The Gods Demand a Sacrifice

The markets want austerity. It's a textbook case of mystification -- transmuting class interest into objective logic, imputing social objectives to the desires of an all-powerful thing. This is the ideological reflex of a society cannibalizing itself: symphony musicians kicked to the curb, school closings hitting Black and brown communities in Philadelphia (23 schools) and Chicago (54 schools), the overthrow of democratic governance in Detroit, attacks on civil servants in nearly every state.

Taken together, I can't escape the feeling that these phenomena are the sickly pulse of a dissolute society, the signposts of imperial decay. In a couple of weeks, I’ll try to explain why.

[1]Here is Edward Said's take: Unlike the words of a great poem, which have all sorts of specific meanings and possibilities beyond those made use of by the poet, the notes in a piece of music in the end either refer back to themselves or to other music, and are uncorrupted by references or connotations that stand outside the actual sound. (from "Cosmic Ambition" London Review of Books Vol. 23 No. 14)

[2]A good friend of mine, who became an activist in the Chicano community, studied classical music at Berkeley but also turned his back on it upon graduation, for similar reasons. My first hip hop album was Party Music by The Coup.  I finally started playing the violin again last year.

[3]A very eloquent analysis of the wave of strikes and lockouts is here.

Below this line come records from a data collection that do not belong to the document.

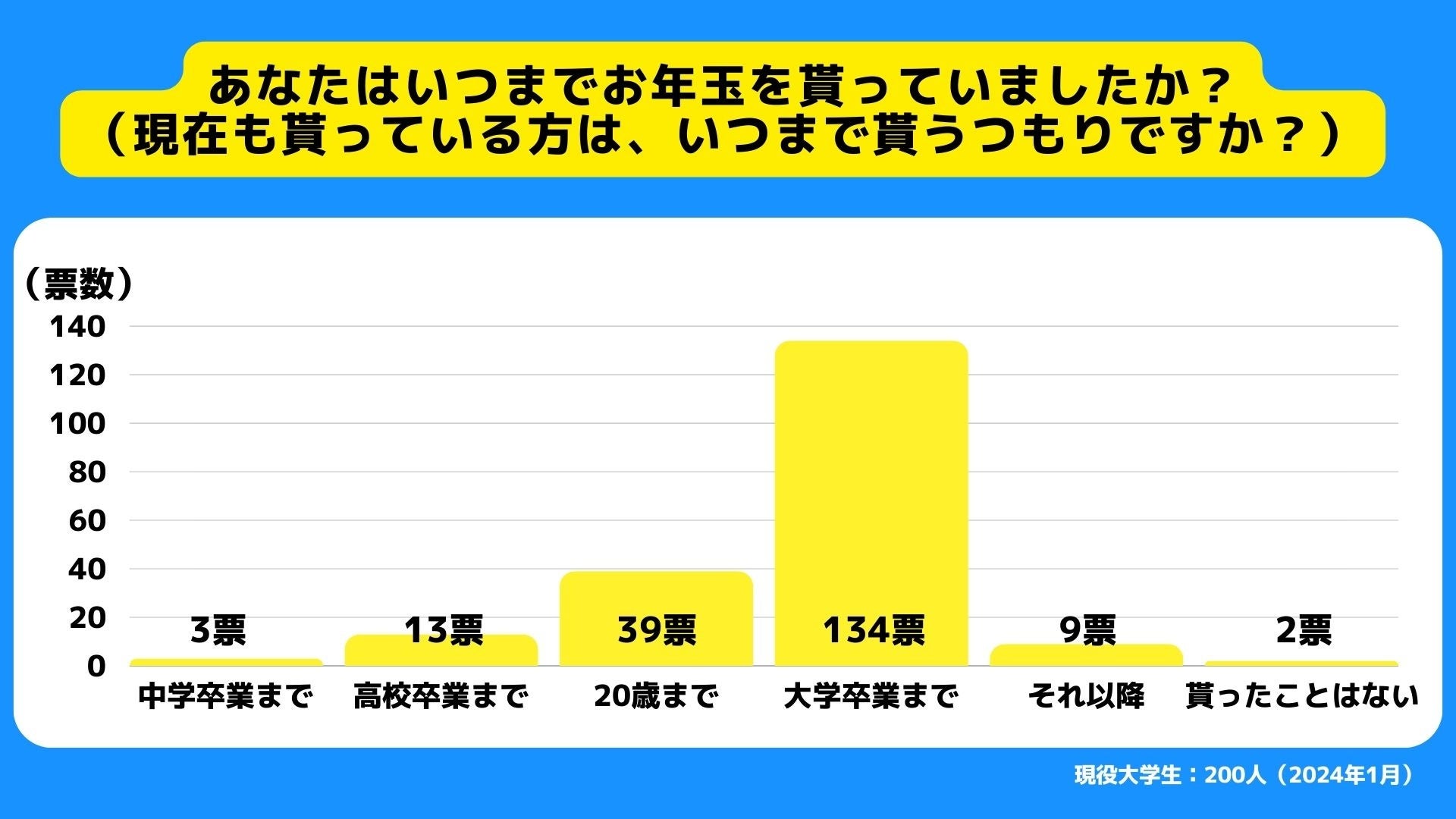 大学生の67%が大学卒業までお年玉を貰うつもりであると回答。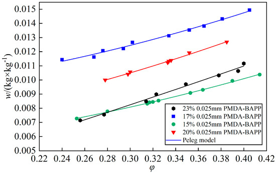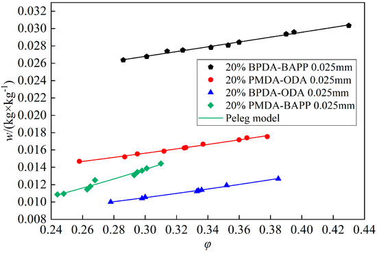 Four PI films with PI acid concentrations of 23%, 20%, 17% and 15% were prepared, respectively, which all had 0.01 m2 area and 0.025 m thickness. The test was conducted at 20 °C. Figure 7 shows the test results and their w(φ) curves coupled by the Peleg model. The w(φ) curves of the four films had a similar tendency of linear increase with relative humidity. The moisture absorption of PB film with 17% PI acid was the highest, which was 1.248 × 10−2 kg/kg in the test range, followed by 20%, 23% and 15% PI acids. This could have been caused by different porosities. It indicated that the moisture absorption of PI film depends on many factors, but not for PI acid concentration.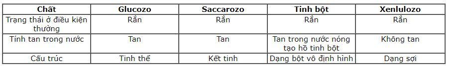 a) So sánh tính chất vật lý của glucozơ, saccarozơ, tinh bột và xenlulozơ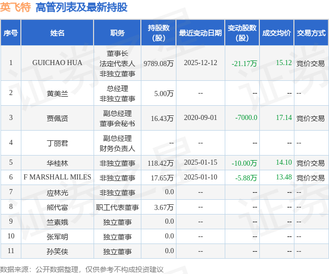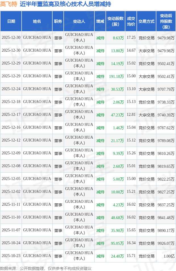 英飞特:12月30日高管GUICHAO HUA减持股份合计22.43万股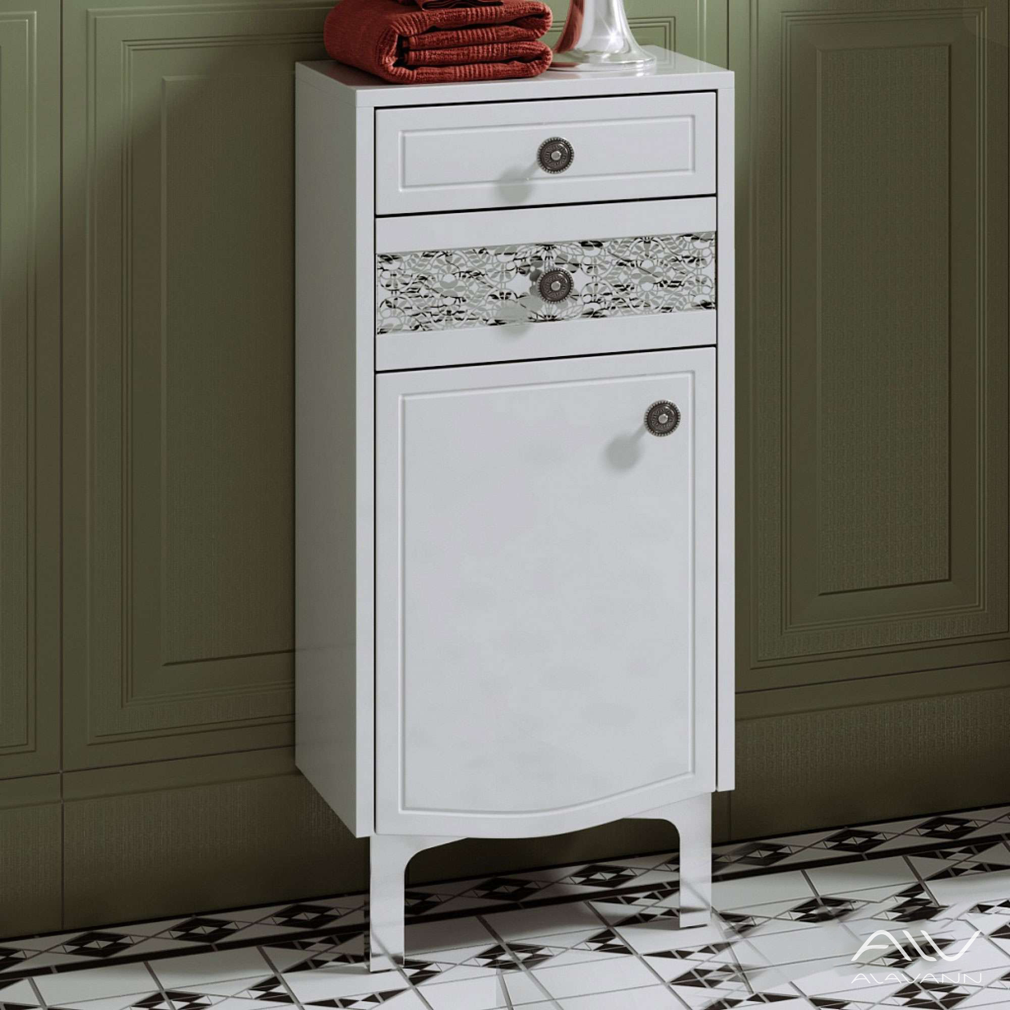 Комод для ванной Elizabeth 35 является дополнением к дизайнерской коллекции Elizabeth, идеально подходит к гарнитуру и воплощает в себе эстетическую красоту и функциональность. Комод окрашен и покрыт высокоглянцевой эмалью, которая предотвращает поверхность от воздействия влаги и гарантирует не только влагостойкость, но и долгий срок эксплуатации мебели. Фасады на доводчиках плавного закрывания.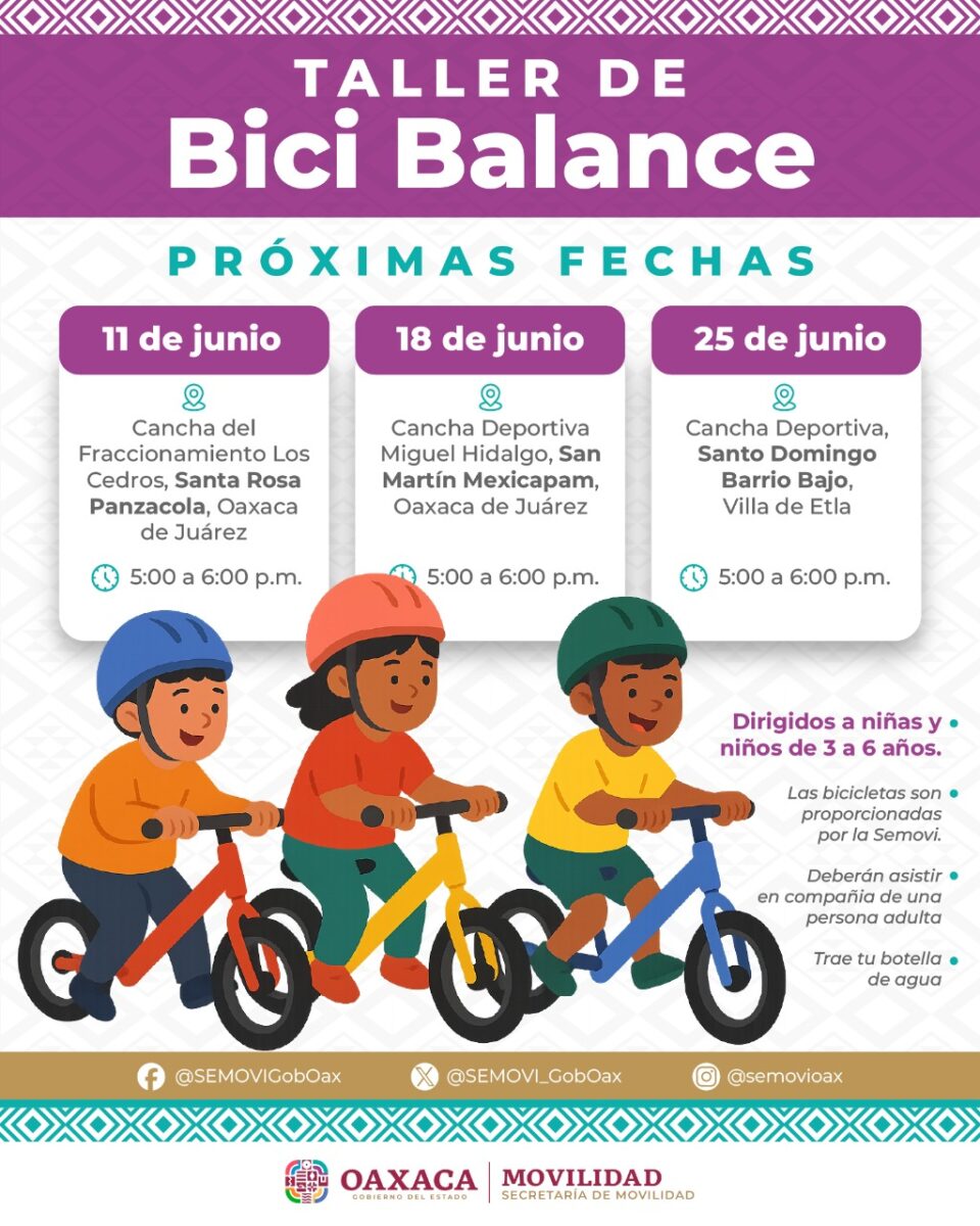 San Antonio de la Cal, Oax. 5 de junio de 2025.- El Gobierno del Estado, a través de la Secretaría de Movilidad (Semovi), impulsa actividades mediante el taller Bici Balance, estrategia permanente, educativa y lúdica, dirigida a niñas y niños de entre 3 a 6 años de edad para promover una transportación sostenible.

[4]Dumenil, Gerard, and Levy, Dominique. "Neoliberal Income Trends." New Left Review II 30. More precisely, they identify this with the 75-98 percentile of income earners: $75,000 to $200,000 per year.

[5]During a discussion about Marx, one of my university classmates exclaimed "Can't we just admit things are pretty good for most of us?"

[6]This is from the CBO report "Distribution of Household Income and Federal Taxes, 2008 and 2009." Sorry I couldn't break it down to the top 15 percent.

[7] To be clear, I fully support the musicians’ unions and their demands to maintain their contract standards; I am also not suggesting that these union members actually supported neoliberalism.

[8] Schwartz, Nelson D. "Recovery in U.S. Is Lifting Profits But Not Jobs" New York Times. 4 Mar 2013.

The views expressed here are those of the author and do not necessarily represent those of the entire War Times project

Lynn Koh is a long-time activist in the anti-war movement, and is a labor organizer in the Bay Area.